Ces procédures ci-dessus peuvent être efficaces dans le traitement des cas d’atrésie pulmonaire, mais une chirurgie cardiaque est essentiellement une solution permanente à cette condition. Certaines des interventions chirurgicales effectuées pour le traitement de l’atrésie pulmonaire sont :
Shunt : Dans cette procédure, un pontage est créé de l’aorte à l’artère pulmonaire à travers laquelle le sang passe facilement et se dirige vers les poumons pour s’oxygéner. Cependant, l’inconvénient de cette procédure est que les bébés dépassent ce shunt en peu de temps et que les symptômes d’atrésie pulmonaire recommencent à apparaître.
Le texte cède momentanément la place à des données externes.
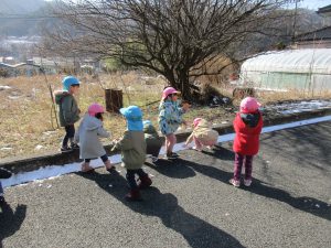 まだ雪が残っていて、意外に柔らかい雪だったので、先生が小さな
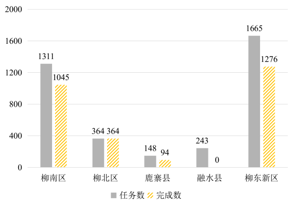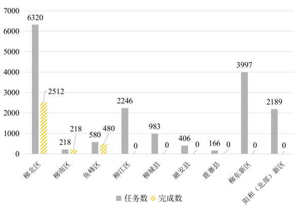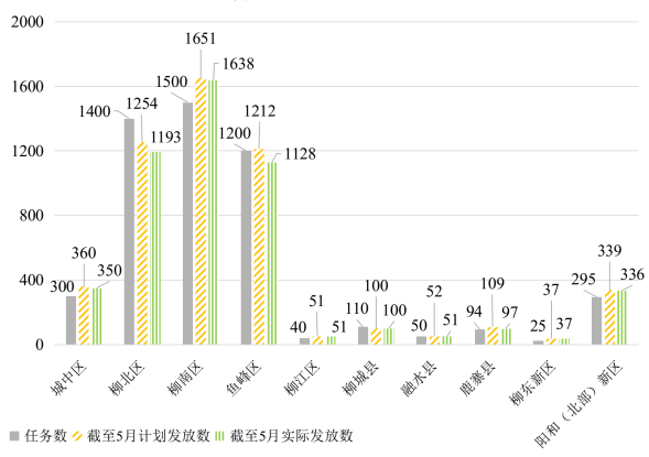 2022年,自治区下达柳州市保障性租赁住房建设目标任务16189套(间)。截至2022年12月31日,在建项目17个,任务数11343套(间)。截至2023年6月25日,已有11个项目复工,共计7614套(间)。其中,在建项目建设进度较快的县(区)有:柳北区、鱼峰区、阳和工业新区(北部生态新区)、柳城县、鹿寨县、三江县,尚未复工的县(区)有:柳东新区、柳南区。
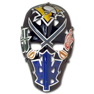 Al Smith used his mask to include each of the team logos he played for during his NHL career. (circa late 1970s)
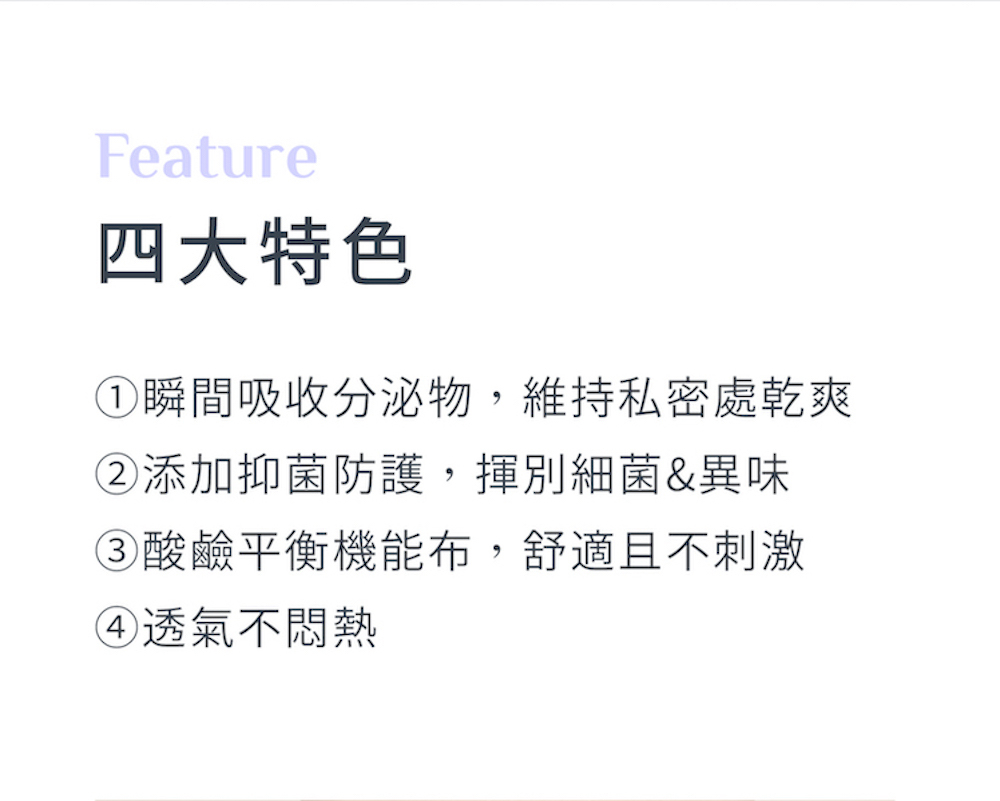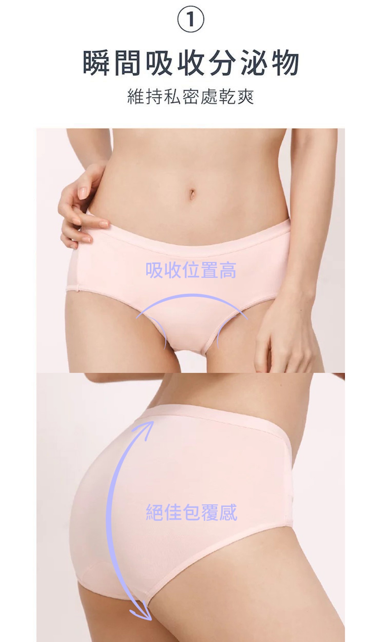 ①瞬間吸收分泌物,維持陰部乾爽,單穿就跟護墊說掰掰
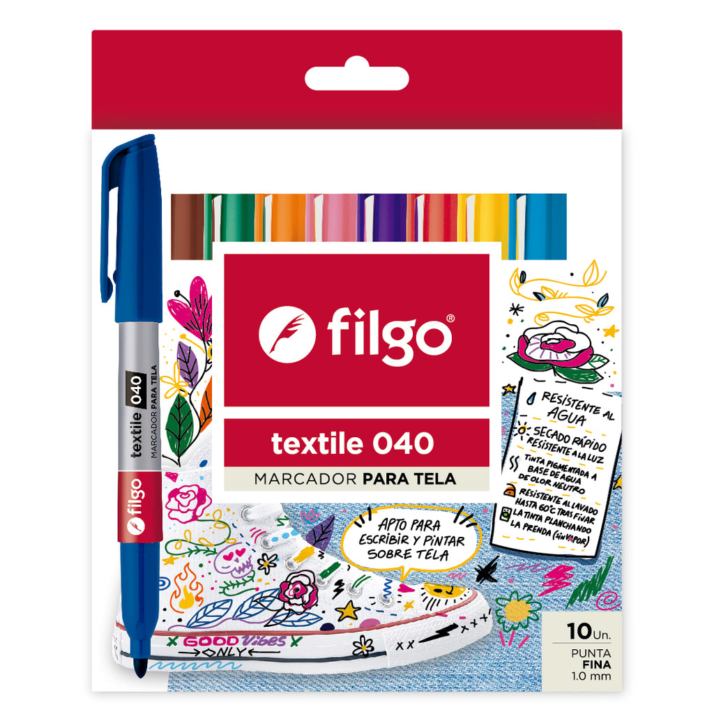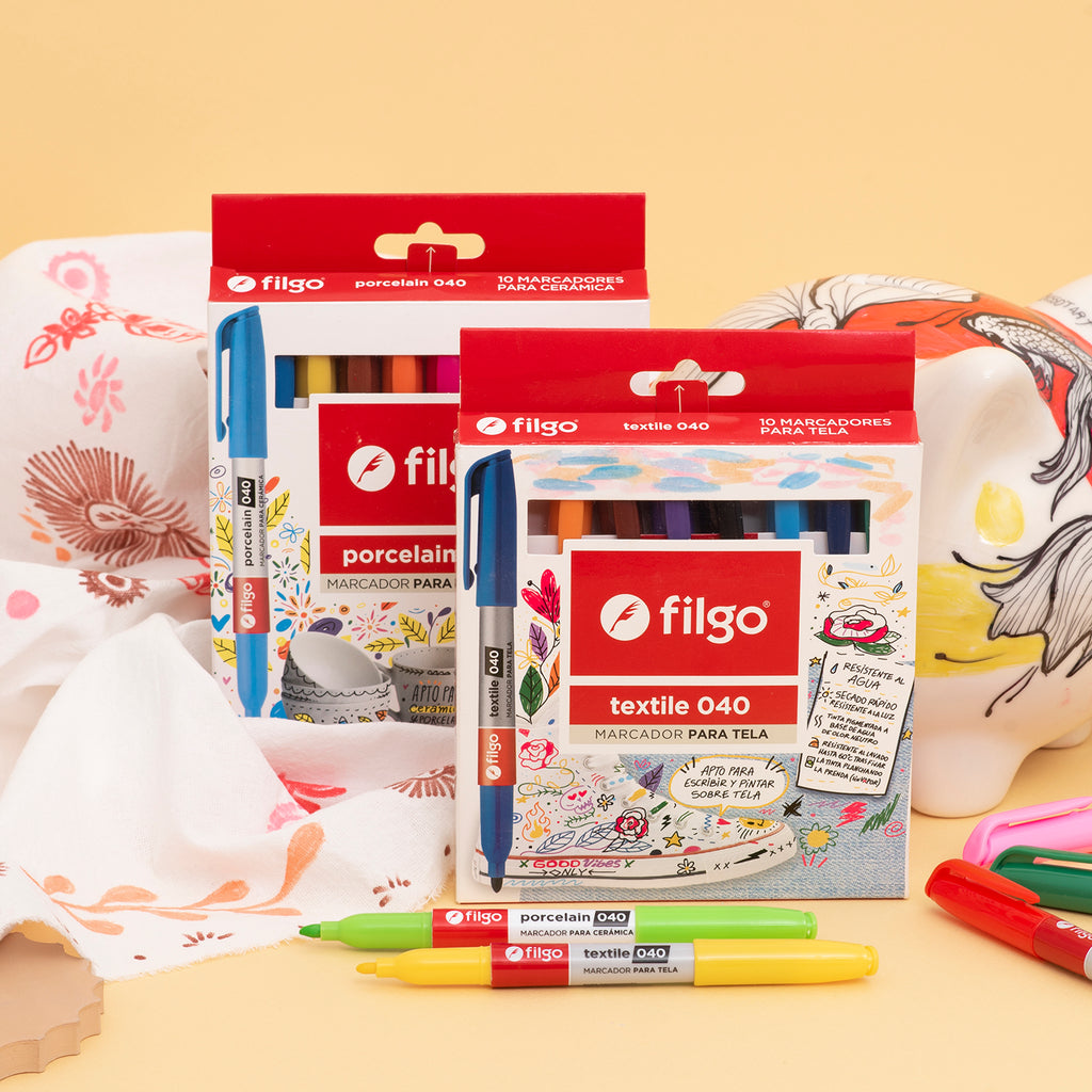 Decora o rotula tus prendas con los marcadores para porcelana de Filgo. Su tinta es a base de alcohol, sin xyleno ni tolueno y apto para tela.  El set contiene 10 colores brillantes surtidos.
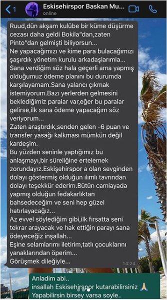 "3 yıla taksitlendirerek anlaştık. Kulübün prosedürleri geç uygulamasından kaynaklanan hatadan ötürü anlaşmayı iptal etmek isteyen taraf kulüp idi. Kulübün bu işlemi 2 ay önce tamamlaması gerektiğini ve geç kaldıklarını söylediler ve bunun neticesinde her şeyi iptal etmek zorunda kaldık." Şimdi bu yönetimin işini iyi niyetle yaptığını kim söyleyebilir, bile bile Eskişehirsporu küme düşürüyorlar ve de devam ediyorlar şimdi gel de misyonları amaçları zaten buymuş deme, rahatlıkla ligte kalabilecek belkide ilk 6 yı zorlayabilecek kadroyu alel acele geldikleri gibi dağıtıp yaptıkları icraat ortada ve bunlar Eskişehirsporluymuş muş muş. Ha la da istifa etmiyorlar tabutu tamamen gömene kadar orayı işgal etmeye kararlılar demek ki.
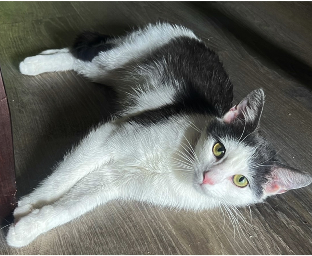 White and gray patched, very small cat has a large wound on the side of her neck.
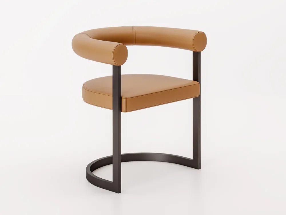 Introducing the Dharma Leather Chair, an exquisite blend of harmony and functional style. Its innovative cantilever design combines a sleek metal frame with a padded seat and backrest, creating a light and ethereal aesthetic. The intersecting semicircles of metal and upholstery not only provide comfort but also elevate the decor of any space. Ideal for residential and commercial environments, this chair is perfect for offices, waiting rooms, or modern living spaces. Experience the unique elegance and superior functionality of the Dharma chair – where design meets comfort.
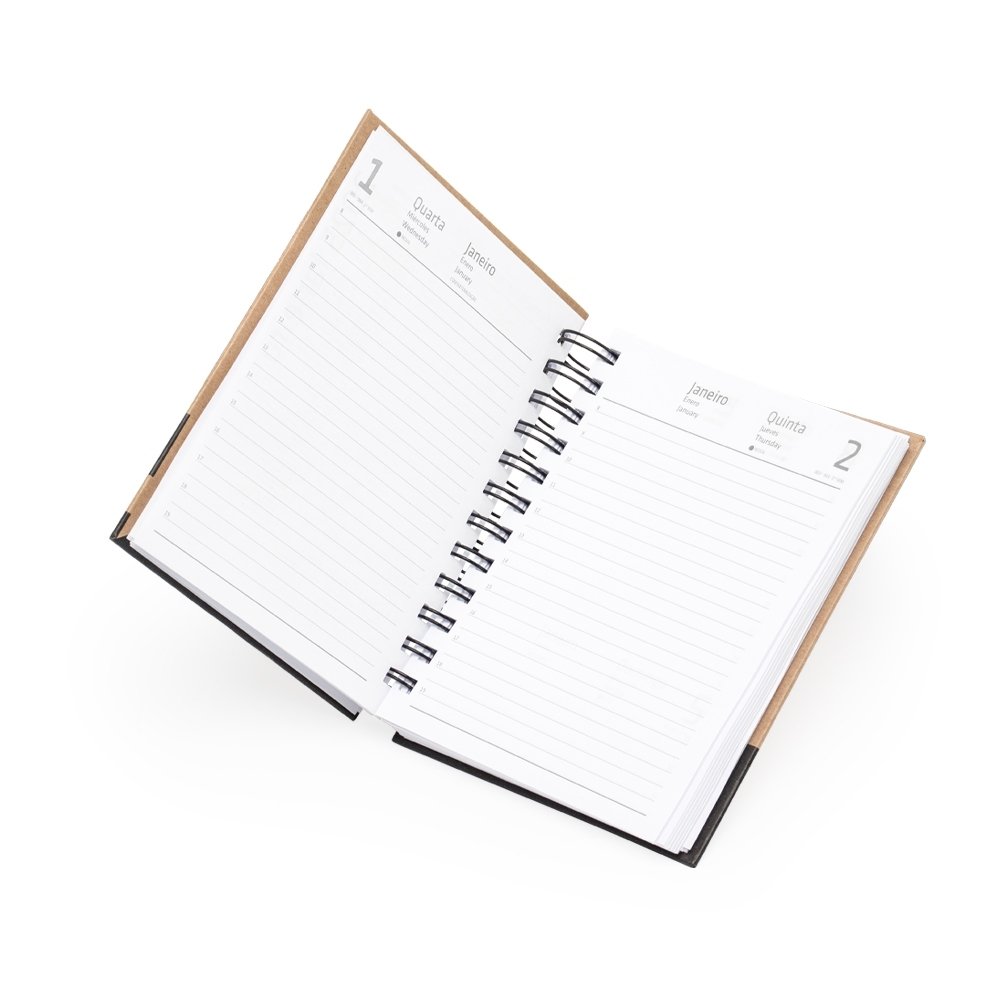 Agenda diária 2025 com espiral, material kraft, capa dura. Contém aproximadamente 169 folhas, entre elas, páginas de dados pessoais, calendário 2024 a 2026, planejamento e aniversários do mês.
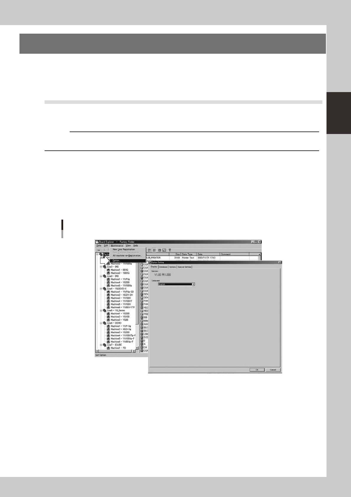 2-18 2 Board Explorer 3.2 Deleting the lines and machines When you want to delete a registered line or machine, select the line or machine and press the right mouse button to display the context menu. T o delete a line: …
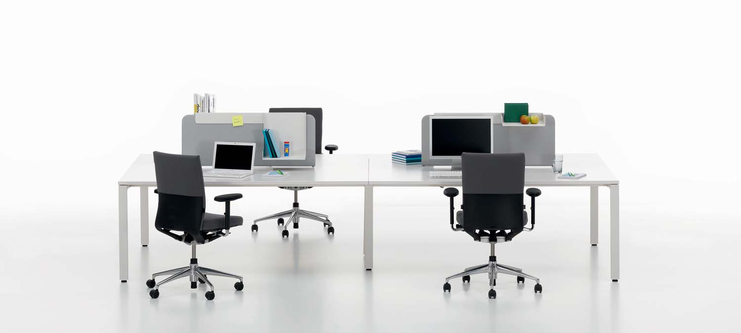 WorKit办公家具系统可用于为个人和团队创建多功能工作站。 设计巧妙,表格可轻松适应用户要求。 附加顶部允许会议配置以促进沟通,而中央和侧面屏幕将桌子分成与过程相关的工作站 - 适用于不同大小的个人壁龛或团队长椅。
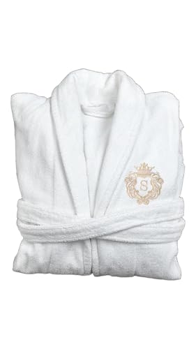Shib Square - روب حمام ابيض مخصص مع حرف واحد فقط مطرز، قماش فاخر ناعم ماص من وولي هيوز
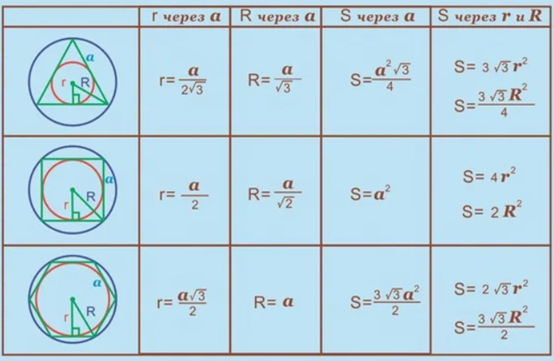 Формулы для вычисления площади правильного многоугольника, его стороны и радиуса вписанной окружности
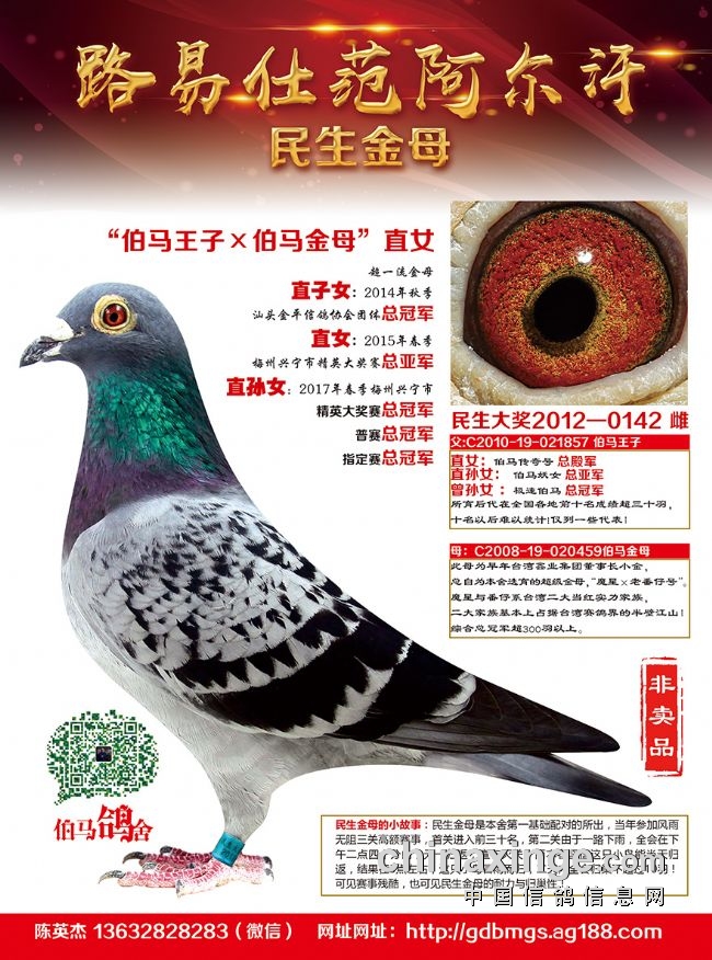 伯马鸽舍简介:占地面积400平方,总建筑面积2000平方,为商住一体化,内设客房,KTV,办公室,可以为鸽友来访提供一流的衣食住行!伯马鸽舍由本舍主人陈英杰先生于2000年创建,鸽舍位于李梅龄的家乡广东梅州,以数十羽伯马鸽为基础,掺入台湾着名品系路易仕范阿尔汗(番仔)掺杂台湾鑫业魔星为基础血统,采取亲血回交,远亲参赛的作育方式,严格作育并参赛,形成一路以“金母”(伯马金母,民生金母,钻石金母)为血系的快速稳定的鸽系,先后支援四川,重庆,辽宁,广东,福建,新疆,湖南等全国各地鸽友,悉数均获得冠军,亚军,季军等一系列优秀的成绩!
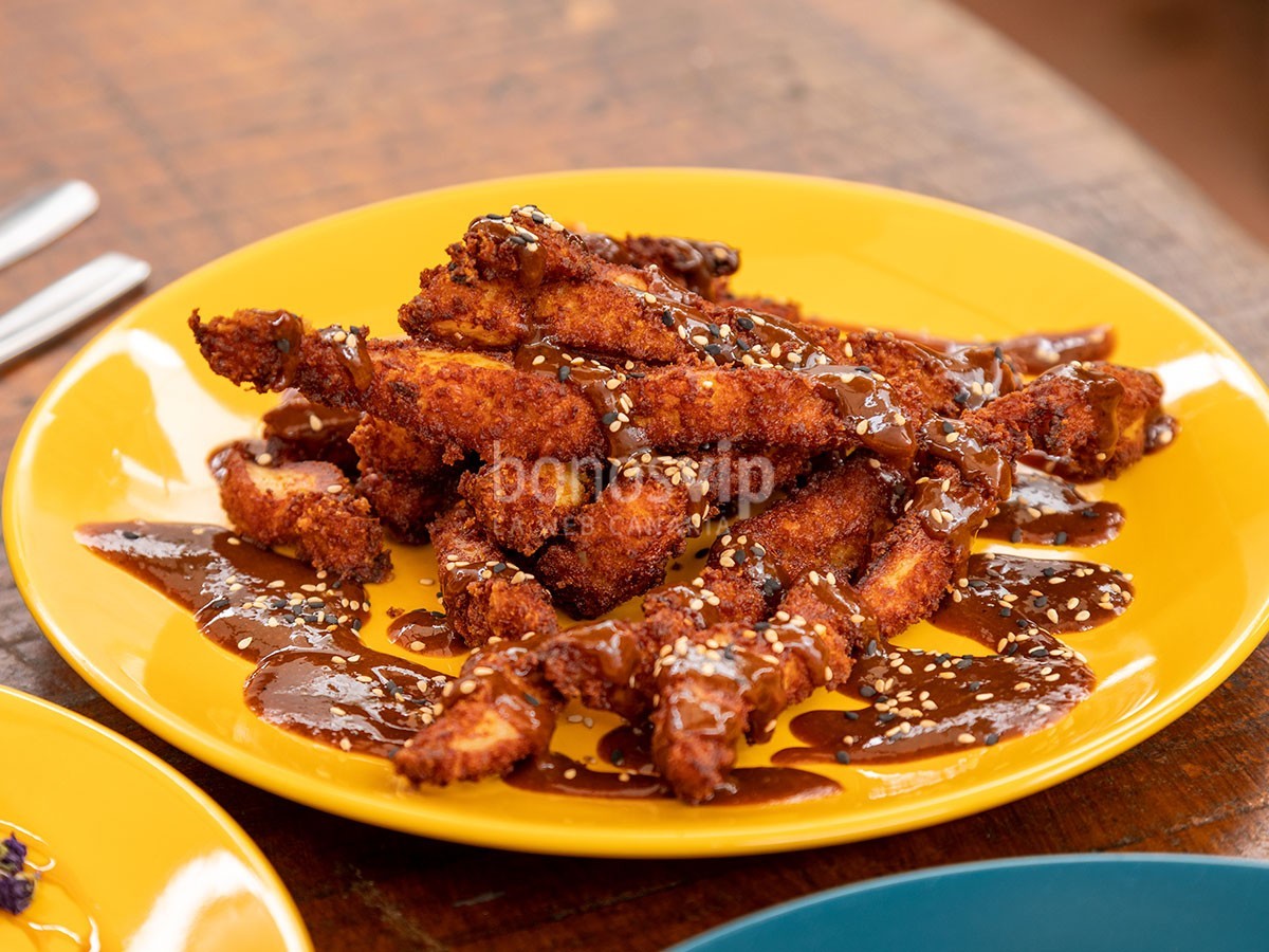 Tiras de pollo con salsa a elegir entre: cheddar, barbacoa, guacamole, mostaza miel, salsa picante

Procédure Fontan : Il s’agit d’une procédure qui est effectuée dans les cas où la valve pulmonaire est trop petite pour être réparée. Dans cette procédure, un chemin séparé est créé pour que le sang s’écoule directement du cœur vers l’artère pulmonaire d’où il va aux poumons et est oxygéné. C’est encore une autre façon efficace de traiter les enfants atteints d’atrésie pulmonaire.
Transplantation cardiaque : C’est le dernier recours et fait dans les cas où le cœur est beaucoup trop endommagé pour être réparé et est fait pour sauver l’enfant des complications de l’atrésie pulmonaire.